The common type which the Hebrew shares with

the Assyrian cosmogony is patent. But, differing from the Assyrian in this respect, the Hebrew narrative has descended to us distinguished by a sobriety, dignity, and elevation communicated to it by those whose spirit had been schooled by the Divine Teacher. Its simple story was dignified to be the messenger of profoundest truths.

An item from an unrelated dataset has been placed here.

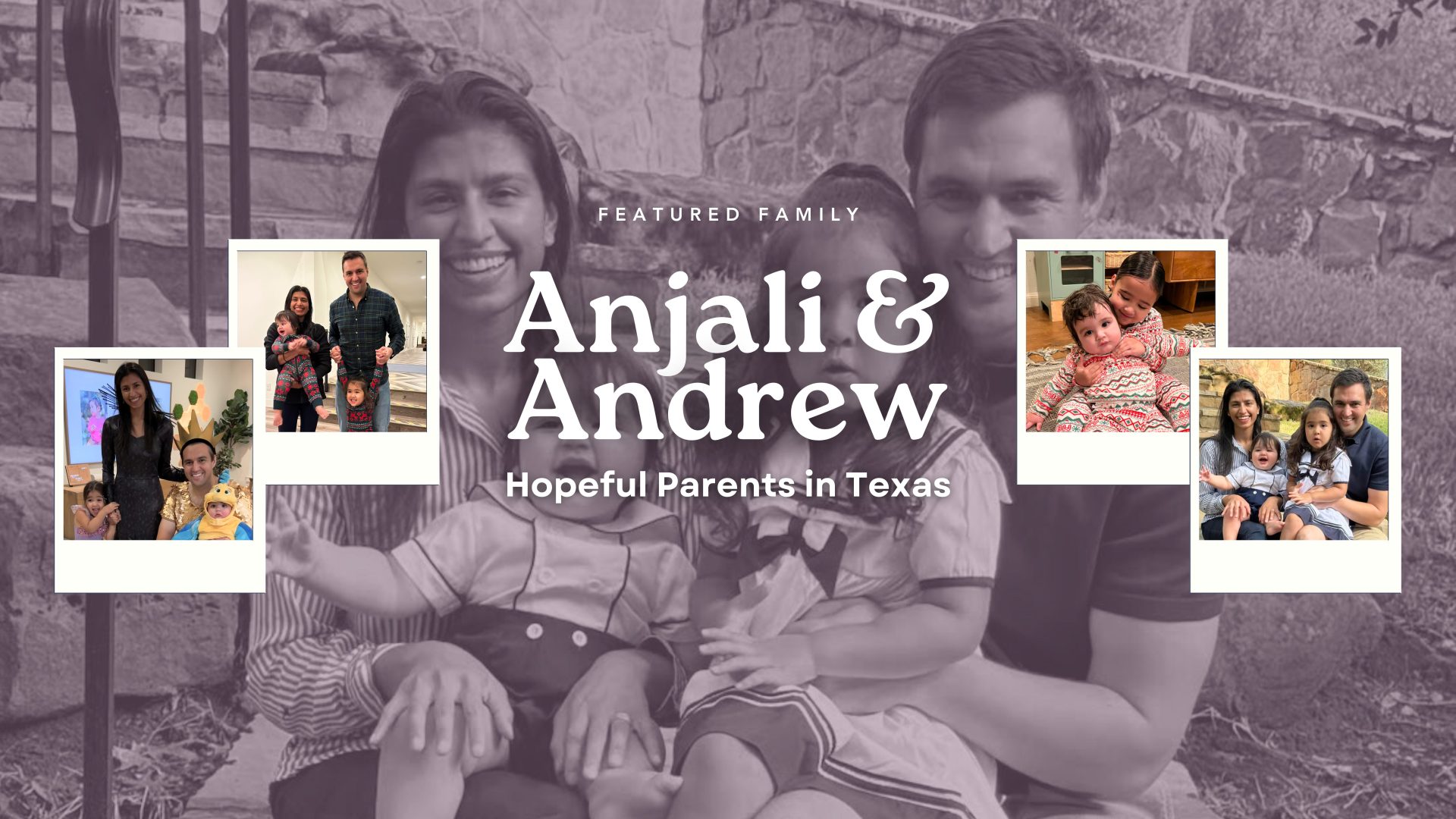 Hi! We are Anjali and Andrew, and we are so grateful that you are taking the time to read a little about our family.

On every side from which ideas respecting God and the universe were capable, in those early days, of mean or idolatrous degradation, the Israelite version of the Creation epic is fenced about. Did other nations believe in the pre-existence of matter? Israel received the doctrine of the pre-existence of God. Did they regard matter as essentially evil, or as needing to be vanquished by the Deity? Israel learned that there was nothing created which God had not created in its essence good. Had the worship of the heavenly bodies become a common form of misleading idolatry? Israel learned that they were themselves the handiwork of God, and served the supreme purpose in the ordered succession of His creative work. Did some regard man's nature as the offspring of a lower emanation or of some subordinate divinity? Israel learned that man was made by the Most High in His own image and in His own likeness.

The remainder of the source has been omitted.